INFORMATION PROVIDED:

>>>

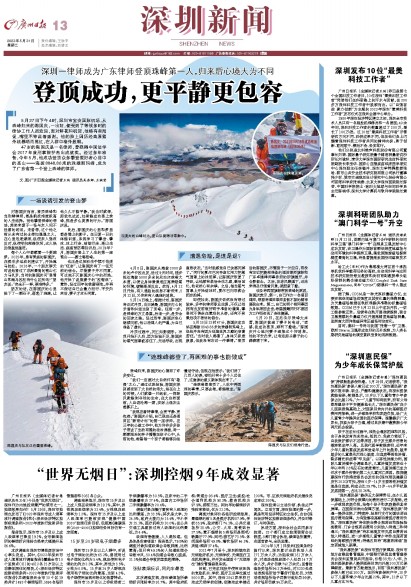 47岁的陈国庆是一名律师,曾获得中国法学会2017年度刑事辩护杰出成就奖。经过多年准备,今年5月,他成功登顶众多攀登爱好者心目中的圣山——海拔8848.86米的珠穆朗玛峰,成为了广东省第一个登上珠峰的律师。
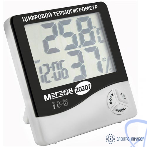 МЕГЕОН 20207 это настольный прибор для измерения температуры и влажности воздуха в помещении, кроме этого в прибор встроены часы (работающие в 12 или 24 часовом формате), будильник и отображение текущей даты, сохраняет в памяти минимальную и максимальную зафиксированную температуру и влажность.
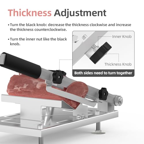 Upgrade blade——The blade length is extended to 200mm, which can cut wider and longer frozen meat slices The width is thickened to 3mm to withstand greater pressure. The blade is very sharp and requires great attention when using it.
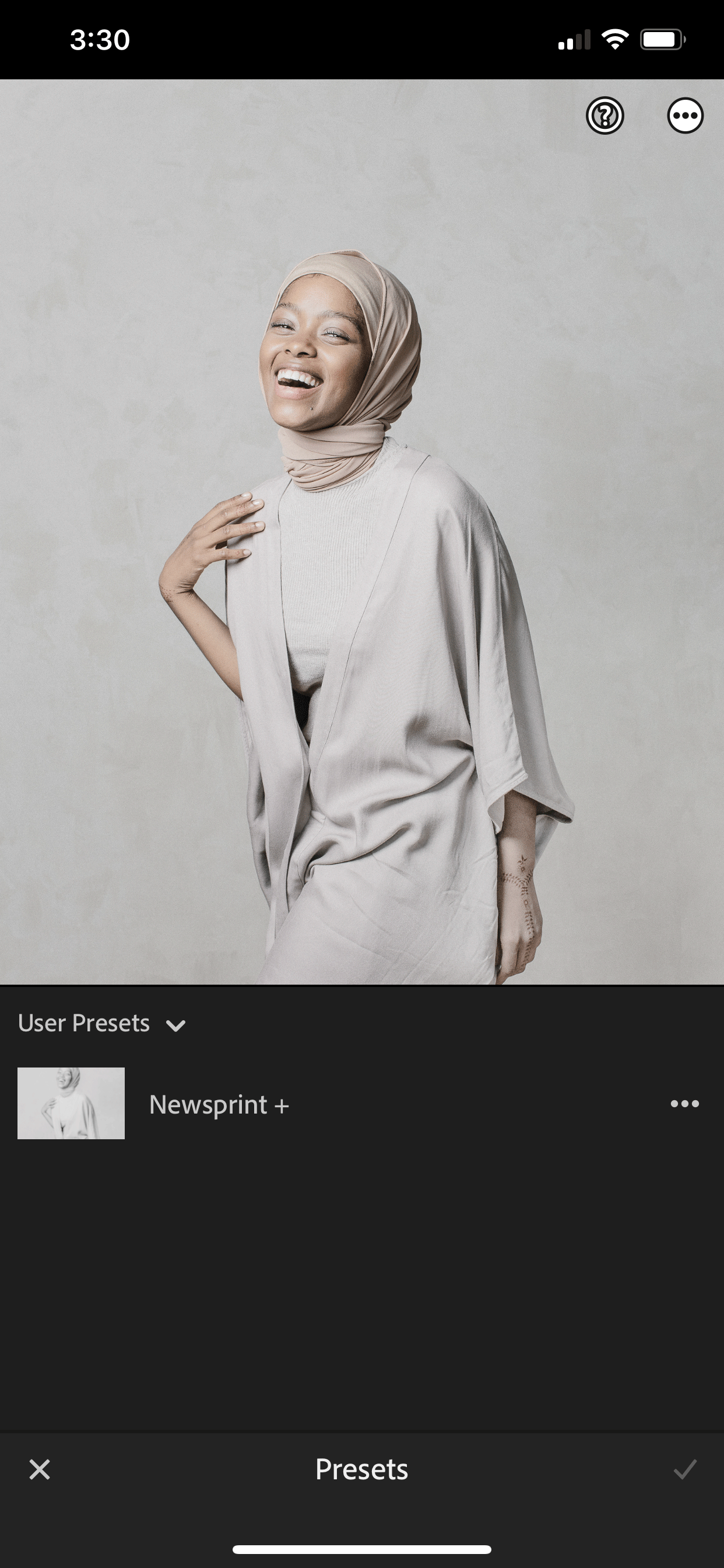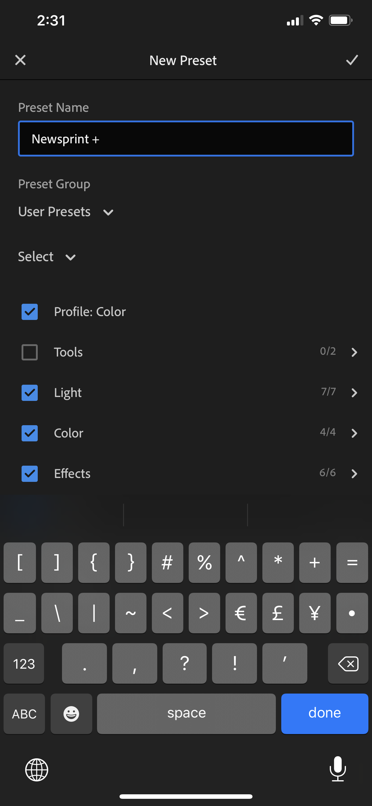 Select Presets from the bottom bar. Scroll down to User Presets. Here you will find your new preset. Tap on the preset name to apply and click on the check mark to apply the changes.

<<<

BRIEF: In your answer, repeat the material above in full, exactly, and without its pictures.

REPLY TO THE TASK:
 47岁的陈国庆是一名律师,曾获得中国法学会2017年度刑事辩护杰出成就奖。经过多年准备,今年5月,他成功登顶众多攀登爱好者心目中的圣山——海拔8848.86米的珠穆朗玛峰,成为了广东省第一个登上珠峰的律师。
 МЕГЕОН 20207 это настольный прибор для измерения температуры и влажности воздуха в помещении, кроме этого в прибор встроены часы (работающие в 12 или 24 часовом формате), будильник и отображение текущей даты, сохраняет в памяти минимальную и максимальную зафиксированную температуру и влажность.
 Upgrade blade——The blade length is extended to 200mm, which can cut wider and longer frozen meat slices The width is thickened to 3mm to withstand greater pressure. The blade is very sharp and requires great attention when using it.
 Select Presets from the bottom bar. Scroll down to User Presets. Here you will find your new preset. Tap on the preset name to apply and click on the check mark to apply the changes.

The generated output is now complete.